Here the Mueller Report makes Trump’s dishonesty quite clear. In a section describing Trump’s efforts to create a false impression of the Trump Tower meeting, the investigation is unequivocal:
“By June 2017, the President became aware of emails setting up the June 9, 2016 meeting between senior campaign officials and Russians who offered derogatory information on Hillary Clinton as “part of Russia and its government’s support for Mr. Trump.” On multiple occasions in late June and early July 2017, the President directed aides not to publicly disclose the emails, and then he dictated a statement about the meeting to be issued by Donald Trump Jr. describing the meeting as about adoption” (Mueller, Vol. II, P. 98).

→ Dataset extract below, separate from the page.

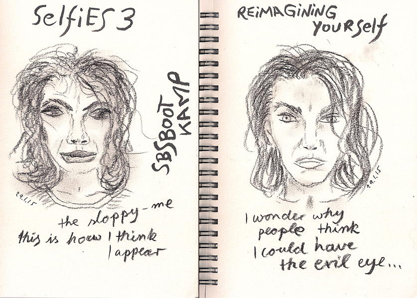 Sketchbook Skool Boot Kamp, under the topic “selfies” again I was reimagining myself. But with a lack of imagination…. I’ve chosen a charcoal pencil and realised when I was drawing from memory that this was the best choice for my sloppy appearance. The portrait on the right I draw from the mirror, well, I wanted to emphasize my very angular hairline. In combination with my light eyes and the strong eyebrows I got a sort of scary portrait – the other me ….

Regarding the Trump Tower deal, Trump wanted Cohen to stick to the arranged message and lie about business negotiations, by saying they ended in January 2016, rather than revealing that they extended right through the first half of 2016 in the middle of campaign politics. After all, Trump had repeatedly said things like “I mean, I have nothing to do with Russia. I don’t have any jobs in Russia. I’m all over the world but we’re not involved in Russia” (“CBS4 Exclusive: Trump Denies Ties To Russia,” July 27, 2016). Cohen did what was expected of him, but later confessed to lying, and immediately Trump’s attitude shifted:
“While preparing for his congressional testimony, Cohen had extensive discussions with the President’s personal counsel, who, according to Cohen, said that Cohen should “stay on message” and not contradict the President. After the FBI searched Cohen’s home and office in April 2018, the President asserted that Cohen would not flip, contacted him directly to tell him to stay strong, and privately passed messages of support to him. Cohen also discussed pardons with the President’s personal counsel and believed that if he stayed on message he would be taken care of. But after Cohen began cooperating with the government in the summer of 2018, the President publicly criticized him, calling him a rat, and suggested that his family members had committed crimes” (Mueller, Vol. II, P. 6).
Calling someone who cooperates with the government a “rat” is a prime example of witness tampering, as well as witness intimidation, which in this case was accompanied by veiled threats against Cohen’s immediate family.
‘… Trump wanted Cohen to stick to the arranged message and lie about business negotiations, by saying they ended in January 2016, rather than revealing that they extended right through the first half of 2016 in the middle of campaign politics.’
Vol II of the Mueller Report documents ten such cases of Trump committing acts of obstruction, but Mueller and his team were committed to the premise that a sitting President cannot be indicted. Still, the investigators made it clear that these actions took place in plain sight:
“…many of the President’s acts directed at witnesses, including discouragement of cooperation with the government and suggestions of possible future pardons, took place in full public view. That circumstance is unusual, but no principle of law excludes public acts from the reach of the obstruction laws. If the likely effect of public acts is to influence witnesses or alter their testimony, the harm to the justice system’s integrity is the same” (Mueller, Vol. II, P. 7).
But Mueller had decided not to indict – a very disturbing decision when one looks at the extreme detail of wrongdoing found in Volume II.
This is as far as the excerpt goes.